#### AVAILABLE RECORDS ####

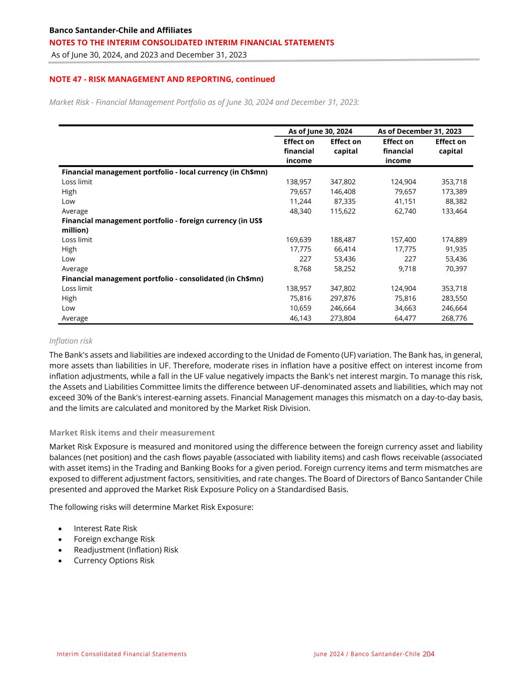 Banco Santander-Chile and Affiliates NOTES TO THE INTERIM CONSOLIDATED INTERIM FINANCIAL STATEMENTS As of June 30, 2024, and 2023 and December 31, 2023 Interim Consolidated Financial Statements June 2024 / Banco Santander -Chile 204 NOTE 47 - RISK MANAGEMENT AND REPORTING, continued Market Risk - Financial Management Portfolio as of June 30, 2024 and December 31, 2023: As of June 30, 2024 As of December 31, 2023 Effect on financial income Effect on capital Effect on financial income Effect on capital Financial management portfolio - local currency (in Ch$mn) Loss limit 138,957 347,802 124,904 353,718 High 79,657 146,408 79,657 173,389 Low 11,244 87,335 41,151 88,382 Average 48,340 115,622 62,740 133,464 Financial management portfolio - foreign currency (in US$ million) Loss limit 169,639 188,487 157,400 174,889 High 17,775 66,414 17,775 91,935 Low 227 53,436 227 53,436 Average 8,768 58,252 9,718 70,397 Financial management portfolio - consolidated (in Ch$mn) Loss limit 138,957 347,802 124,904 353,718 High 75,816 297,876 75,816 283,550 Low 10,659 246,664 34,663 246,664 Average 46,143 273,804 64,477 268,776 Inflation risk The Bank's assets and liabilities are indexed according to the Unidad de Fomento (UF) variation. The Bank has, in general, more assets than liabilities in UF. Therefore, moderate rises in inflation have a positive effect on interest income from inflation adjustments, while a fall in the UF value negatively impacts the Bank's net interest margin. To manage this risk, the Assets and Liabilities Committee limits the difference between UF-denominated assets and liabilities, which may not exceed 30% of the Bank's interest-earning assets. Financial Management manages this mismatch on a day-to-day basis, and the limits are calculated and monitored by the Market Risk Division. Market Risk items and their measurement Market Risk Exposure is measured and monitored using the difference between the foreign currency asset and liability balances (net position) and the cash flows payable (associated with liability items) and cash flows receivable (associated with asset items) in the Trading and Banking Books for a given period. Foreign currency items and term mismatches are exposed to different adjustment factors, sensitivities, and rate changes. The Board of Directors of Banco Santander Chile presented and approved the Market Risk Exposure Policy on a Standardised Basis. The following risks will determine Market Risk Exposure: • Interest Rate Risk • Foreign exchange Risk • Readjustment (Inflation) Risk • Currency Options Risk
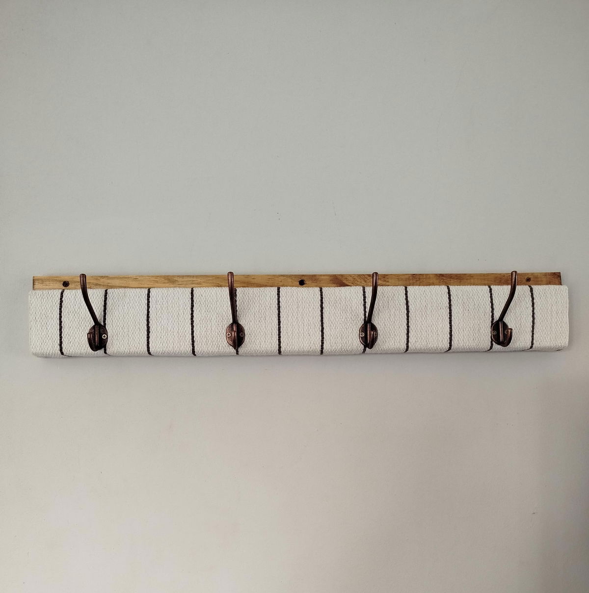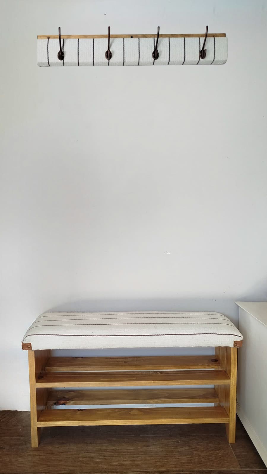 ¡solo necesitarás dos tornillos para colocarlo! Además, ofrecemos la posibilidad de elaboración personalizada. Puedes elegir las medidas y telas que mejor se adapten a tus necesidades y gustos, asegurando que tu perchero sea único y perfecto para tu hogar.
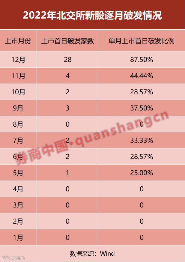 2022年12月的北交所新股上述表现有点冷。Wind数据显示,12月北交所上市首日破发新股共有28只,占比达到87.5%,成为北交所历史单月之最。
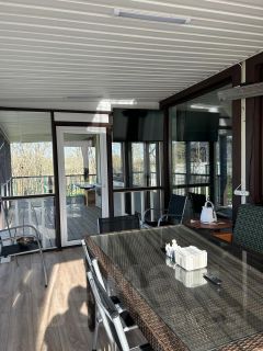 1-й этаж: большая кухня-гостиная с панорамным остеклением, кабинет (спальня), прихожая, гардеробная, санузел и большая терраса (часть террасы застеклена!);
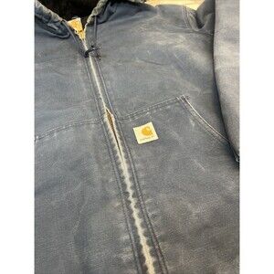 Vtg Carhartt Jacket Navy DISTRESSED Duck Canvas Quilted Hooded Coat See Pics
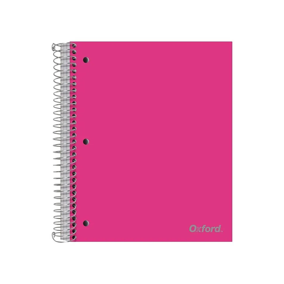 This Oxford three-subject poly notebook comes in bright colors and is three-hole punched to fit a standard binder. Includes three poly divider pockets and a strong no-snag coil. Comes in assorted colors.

####

*TASK STATEMENT*. Pictures are to be left out; all else in the entries above is to be quoted exactly.

*RESPONSE TO THIS TASK*.
 Banco Santander-Chile and Affiliates NOTES TO THE INTERIM CONSOLIDATED INTERIM FINANCIAL STATEMENTS As of June 30, 2024, and 2023 and December 31, 2023 Interim Consolidated Financial Statements June 2024 / Banco Santander -Chile 204 NOTE 47 - RISK MANAGEMENT AND REPORTING, continued Market Risk - Financial Management Portfolio as of June 30, 2024 and December 31, 2023: As of June 30, 2024 As of December 31, 2023 Effect on financial income Effect on capital Effect on financial income Effect on capital Financial management portfolio - local currency (in Ch$mn) Loss limit 138,957 347,802 124,904 353,718 High 79,657 146,408 79,657 173,389 Low 11,244 87,335 41,151 88,382 Average 48,340 115,622 62,740 133,464 Financial management portfolio - foreign currency (in US$ million) Loss limit 169,639 188,487 157,400 174,889 High 17,775 66,414 17,775 91,935 Low 227 53,436 227 53,436 Average 8,768 58,252 9,718 70,397 Financial management portfolio - consolidated (in Ch$mn) Loss limit 138,957 347,802 124,904 353,718 High 75,816 297,876 75,816 283,550 Low 10,659 246,664 34,663 246,664 Average 46,143 273,804 64,477 268,776 Inflation risk The Bank's assets and liabilities are indexed according to the Unidad de Fomento (UF) variation. The Bank has, in general, more assets than liabilities in UF. Therefore, moderate rises in inflation have a positive effect on interest income from inflation adjustments, while a fall in the UF value negatively impacts the Bank's net interest margin. To manage this risk, the Assets and Liabilities Committee limits the difference between UF-denominated assets and liabilities, which may not exceed 30% of the Bank's interest-earning assets. Financial Management manages this mismatch on a day-to-day basis, and the limits are calculated and monitored by the Market Risk Division. Market Risk items and their measurement Market Risk Exposure is measured and monitored using the difference between the foreign currency asset and liability balances (net position) and the cash flows payable (associated with liability items) and cash flows receivable (associated with asset items) in the Trading and Banking Books for a given period. Foreign currency items and term mismatches are exposed to different adjustment factors, sensitivities, and rate changes. The Board of Directors of Banco Santander Chile presented and approved the Market Risk Exposure Policy on a Standardised Basis. The following risks will determine Market Risk Exposure: • Interest Rate Risk • Foreign exchange Risk • Readjustment (Inflation) Risk • Currency Options Risk
 ¡solo necesitarás dos tornillos para colocarlo! Además, ofrecemos la posibilidad de elaboración personalizada. Puedes elegir las medidas y telas que mejor se adapten a tus necesidades y gustos, asegurando que tu perchero sea único y perfecto para tu hogar.
 2022年12月的北交所新股上述表现有点冷。Wind数据显示,12月北交所上市首日破发新股共有28只,占比达到87.5%,成为北交所历史单月之最。
 1-й этаж: большая кухня-гостиная с панорамным остеклением, кабинет (спальня), прихожая, гардеробная, санузел и большая терраса (часть террасы застеклена!);
 Vtg Carhartt Jacket Navy DISTRESSED Duck Canvas Quilted Hooded Coat See Pics
 This Oxford three-subject poly notebook comes in bright colors and is three-hole punched to fit a standard binder. Includes three poly divider pockets and a strong no-snag coil. Comes in assorted colors.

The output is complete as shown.